/ 12 February 2025

Scientists warn that poaching, drought threaten Kruger lions and hippos

Lions Cross Breeding
In the past four years 18 lions — eight females and 10 males — were relocated from the south to either Vlakteplaas, Pafuri and the Makuleke Contractual Park in the north. (File photo by Eric Lafforgue/Art in All of Us/Corbis via Getty Images)

Poisoning and snaring pose a serious threat to lions, especially in the northern parts of Kruger National Park, according to its scientists.

The Endangered Wildlife Trust and South African National Parks (SANParks) joined forces to individually identify lions, obtain mark-recapture estimates — a method to estimate the size of populations — and to determine the number of prides and their demography. 

The results of the survey are in SANParks’ 2023/2024 research report, where scientists Erin Crowhurst, Pauli Viljoen, Marnus Roodbol and Sam Ferreira noted how lions are sought-after by many, including “tourists [who] want a lasting memory, healers are in search of treatments or cures and conservationists want to conserve the species”.

The survey consisted of playing hour-long recordings of a distressed buffalo calf at night at 64 sites in Nxanatseni north. At 13 sites, 41 lions arrived, and at an additional eight sites distant lion vocals were noted.

The team drove 9129km over a period of 90 days, recording 229 lion sightings with a possible 91 individual lions identified and both sides of their faces photographed. “Initial analysis revealed that multiple of the 91 individuals captured were recaptures,” the authors said.

Ninety-four camera traps were placed in the field for 90 days with two cameras at each station to photograph both sides of the face. This included seven individuals that had not previously been identified. 

“Comparison of estimates from call-up surveys over time suggest that disruption of the lion populations may have been taking place over a long period. Nevertheless, lions have not decreased between 2015 and 2023,” the authors wrote.

This could be because of the introduction of lions that escaped from southern Kruger, which “may have compensated for the impacts of poisoning and poaching in the far north of Kruger”.

In the past four years 18 lions — eight females and 10 males — were relocated from the south to either Vlakteplaas, Pafuri and the Makuleke Contractual Park in the north, the scientists noted.

Another article in the SANParks research report found that the number of hippos at all six rivers in the Kruger National Park plunged by about 2 500 just before the drought in 2015 to the same time in 2016. The numbers fell by a further 8% in 2017, when the one of the most intense regional droughts on record ended. 

Megaherbivores such as elephants, rhinos, hippos, giraffes and buffaloes once dominated the planet, scientists Robert McCleery, Sam Ferreira, Pauli Viljoen, Danie Pienaar, Cathy Greaver, Philip Mhlava and Obert Mathebula wrote, but now, “a full complement of these large mammals occurs only in African savannas”.

“These species are crucial for providing ecosystem services and fostering biodiversity but are under threat from land use change, over-harvesting and climate change. As the climate changes, we can expect more frequent and intense droughts, which stress most savanna species but have particularly pronounced impacts on water-dependent mammals like the common hippo.”

Among large mammals, hippos are unique in several aspects of their ecology, the authors said. “Hippos are central-point foragers: at night, they leave the water to graze in the surrounding area before returning to the same place. They spend their days in pools of water in social groups or pods, with water important for hydration and to protect their sun-sensitive skin.” 

This makes hippos ecologically important and vulnerable to drought.

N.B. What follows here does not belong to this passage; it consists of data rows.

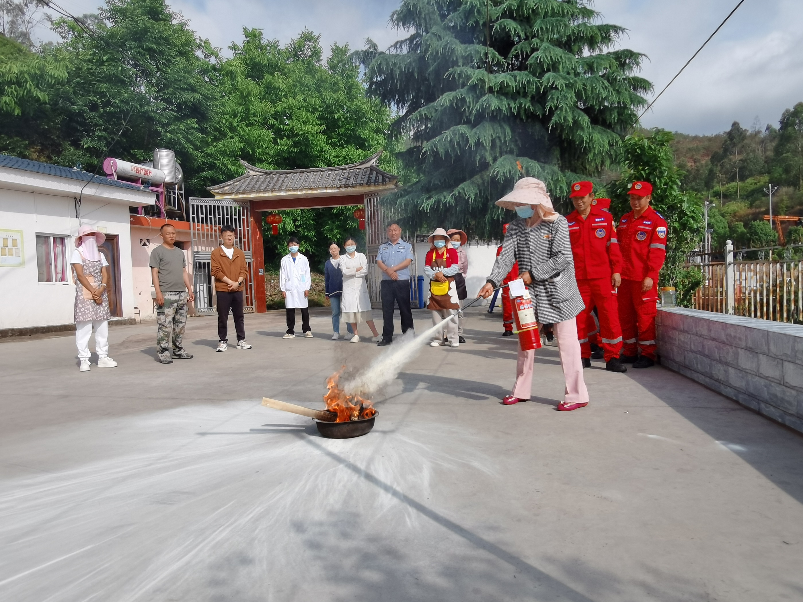 实战演练强本领,以"练"筑防保平安。“大家都知道灭火器怎么用吗?我将灭火器的使用步骤总结为摇、拔、握、瞄、压、扫,方便大家记忆和掌握。”法脿镇应急队员正拿着小喇叭普及灭火器知识。法脿镇立足实际,开展消防安全、防灾减灾、地质灾害抢险应急等一系列应急演练,通过组织严密、保障有力、有条不紊的演练活动,检验应急预案的可行性、应急队伍响应的及时性、部门联防联控处置的有效性,进一步提高群众自救防范能力。
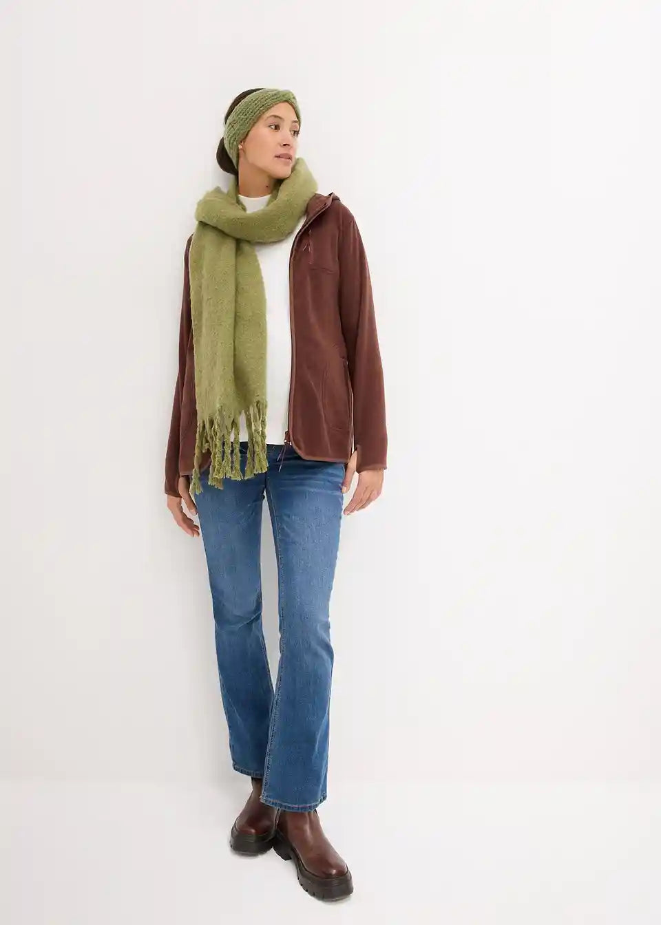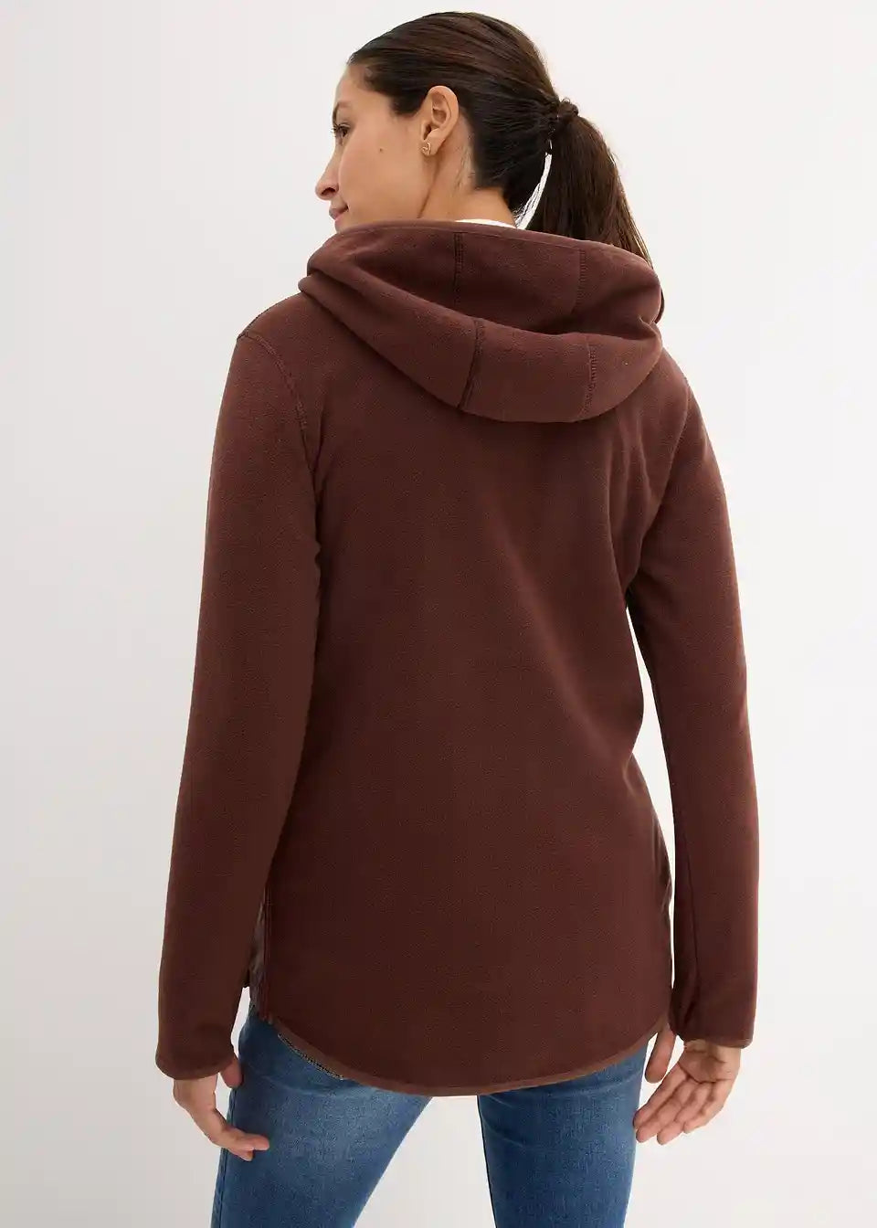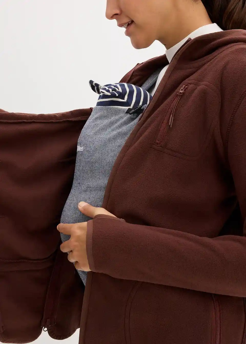 Topla flis jakna ima kapuljaču i duge rukave s otvorom za palac. Bočni patentni zatvarači omogućuju regulaciju širine, što omogućuje nošenje tokom i nakon trudnoće. Ima praktične džepove na patentni zatvarač i mali džep na prsima. Ugrijavajući umetak za bebe je opremljen malom kapuljačom s vezicama.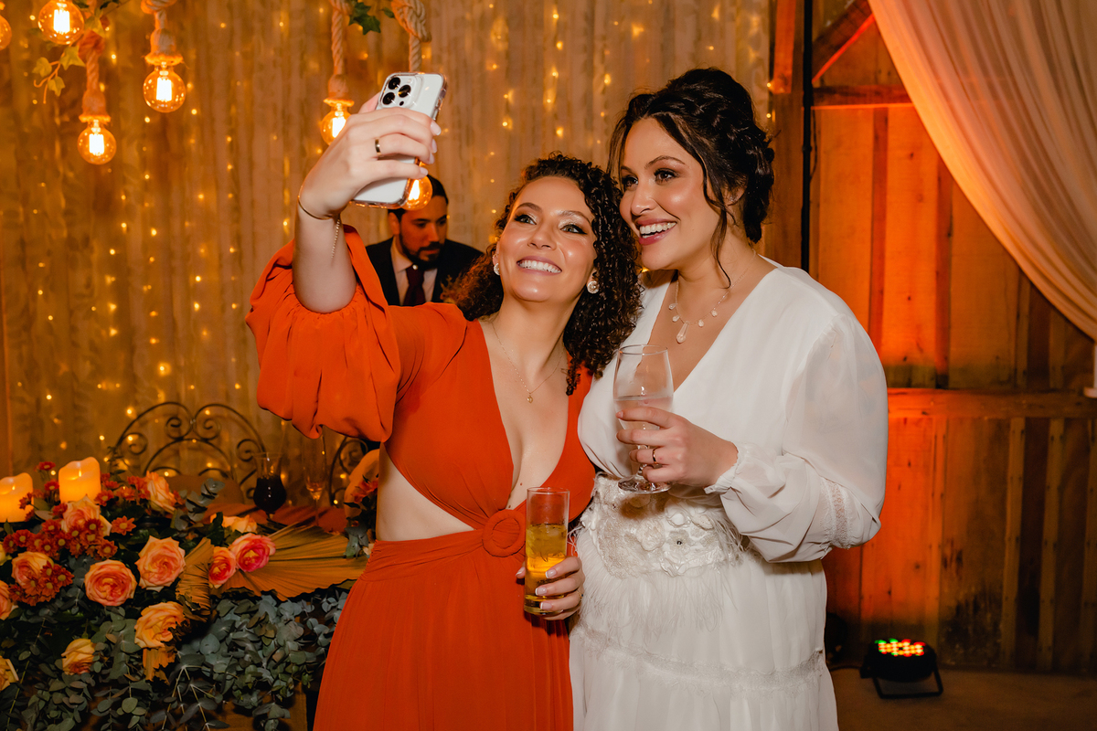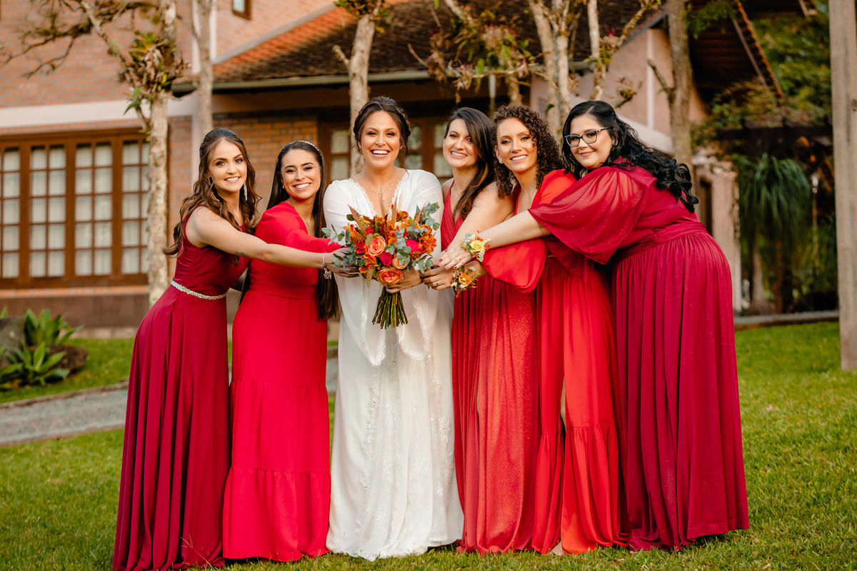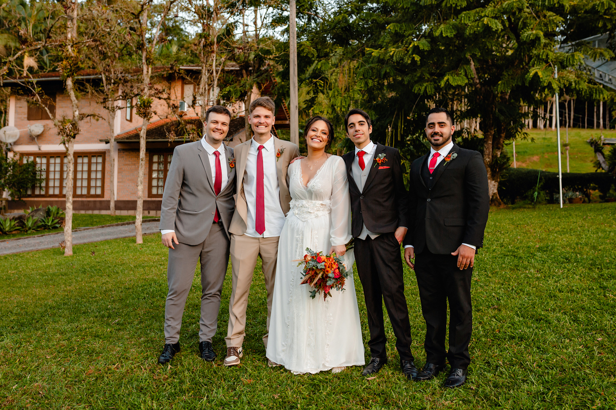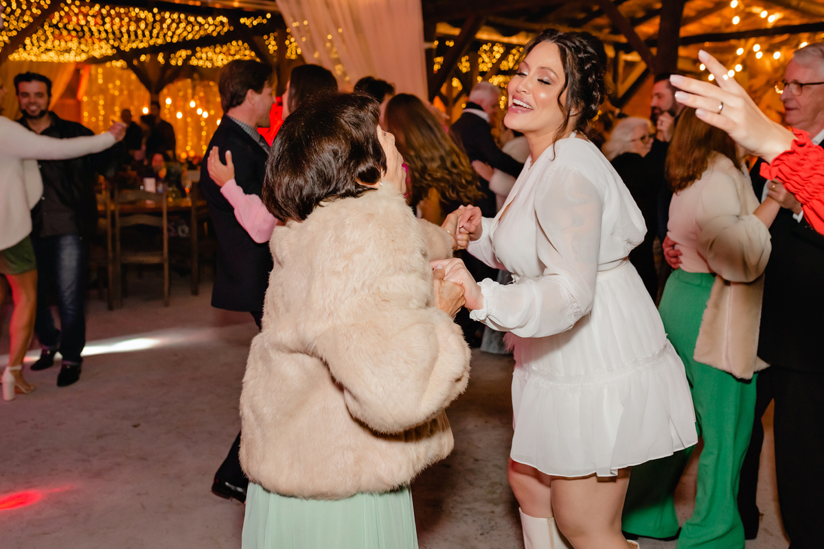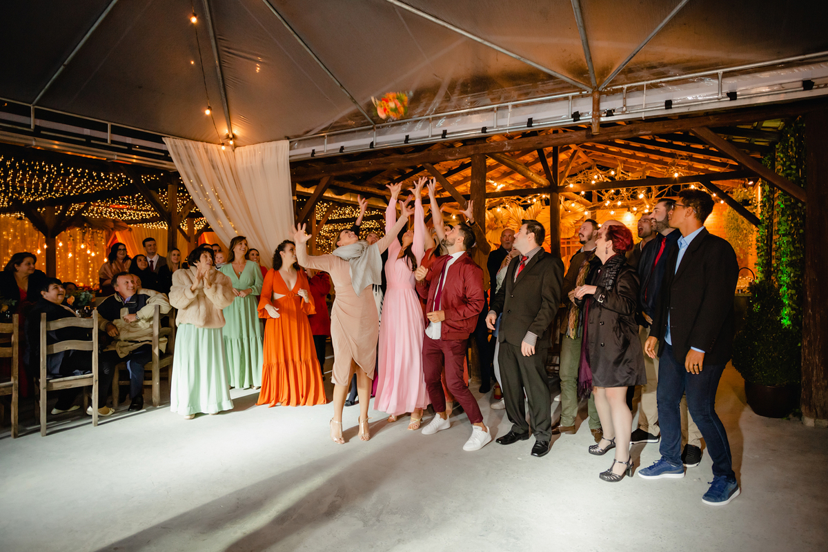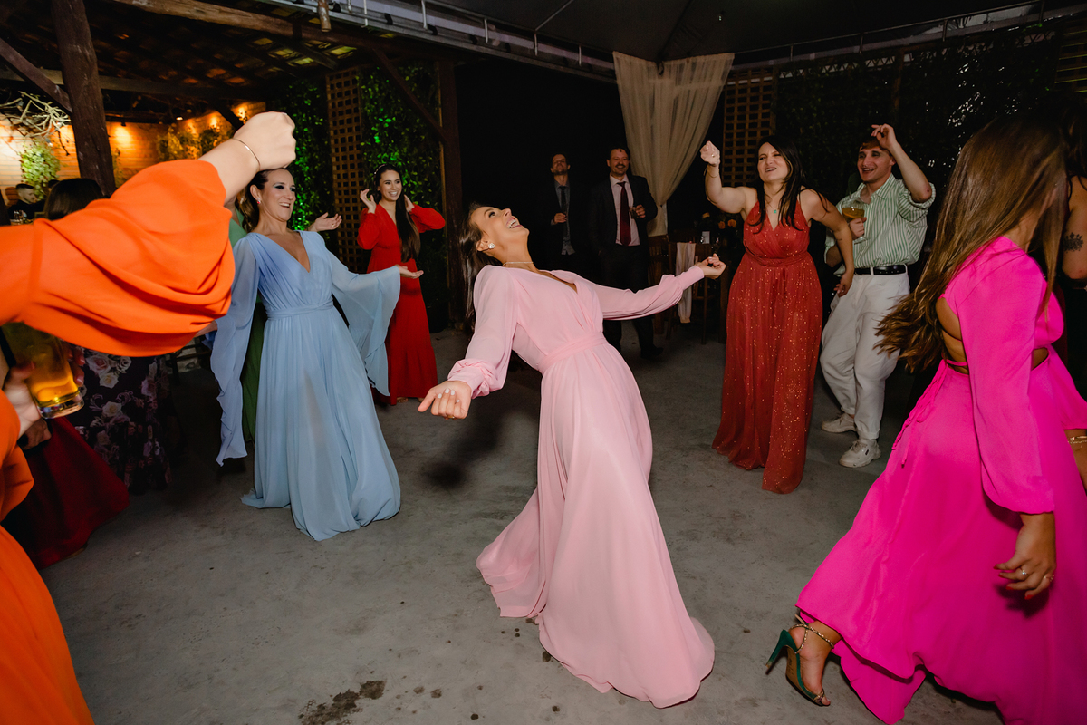 Vamos falar da noiva Gabi, uma alma leve e que contagia a todos com seu sorriso fácil e o brilho nos olhos. Ela fez o seu próprio vestido de noiva, costurou, bordou, ajustou e como ela mesmo falou, a costura não tá muito boa mas é cheio de significado. E não para por aí, a mãe da Gabi já faleceu e no dia do seu casamento a Gabi usou o colar e os brincos que um dia foram dela. E para finalizar, ela nos contou que sempre quis ter o sobrenome Rosa por achar um nome artístico e logo ela conheceu o Gabriel, e seu sobrenome? Rosa. Como uma homenagem e surpresa para o Gabriel, ela tatuou uma rosa com a data do casamento deles e revelou para ele na cerimônia. Lindo, né? Ah, e ainda em vida sua mãe tinha um grupo de amigas, as Lulus e lá estavam elas, como damas de honra.

To understand how hippos respond to drought and how they influence the environment and surrounding species, the researchers initiated a long-term study on the hippo population in the Kruger.

This was to investigate how and why hippos respond to droughts by examining changes in their distribution and group sizes. 

The Kruger supports about 7 000 hippos, representing one of the largest hippo populations in a single protected area in the world. 

The scientists found that before the drought, areas with abundant green vegetation and large pools of water had more hippos than others.

While elephants, rhinos and other megaherbivores often move to areas with greener vegetation during droughts, hippos have a limited ability to migrate long distances because of their territoriality. 

“Nonetheless, hippos moved to new areas on Kruger’s rivers and altered their social behaviour in response to the severe drought. These responses, however, appeared less successful in mitigating drought-induced mortality than the responses of other large herbivores that could migrate to less severely affected areas,” the scientists said.

Hippos appear “acutely vulnerable” to competition from other hippos and are unable to find food during prolonged droughts.

“The strong social bonds of hippos and their tendency to form large groups may force them to compete with each other when food is scarce.”

The combined effects of drought-induced declines in surface water because of increased extraction for agricultural and residential use, dams and more variable rainfall cycles associated with climate change, will probably have negative consequences for hippo populations, the researchers said.

The next phase of their research aims to understand how changes in surface water in dams and rivers alters the movements and densities of hippos and other large megaherbivores.

“We seek to better understand the environmental consequences of these changes, specifically how water-induced changes to megaherbivores alter important nutrients, the type and structure of savanna vegetation and biodiversity.”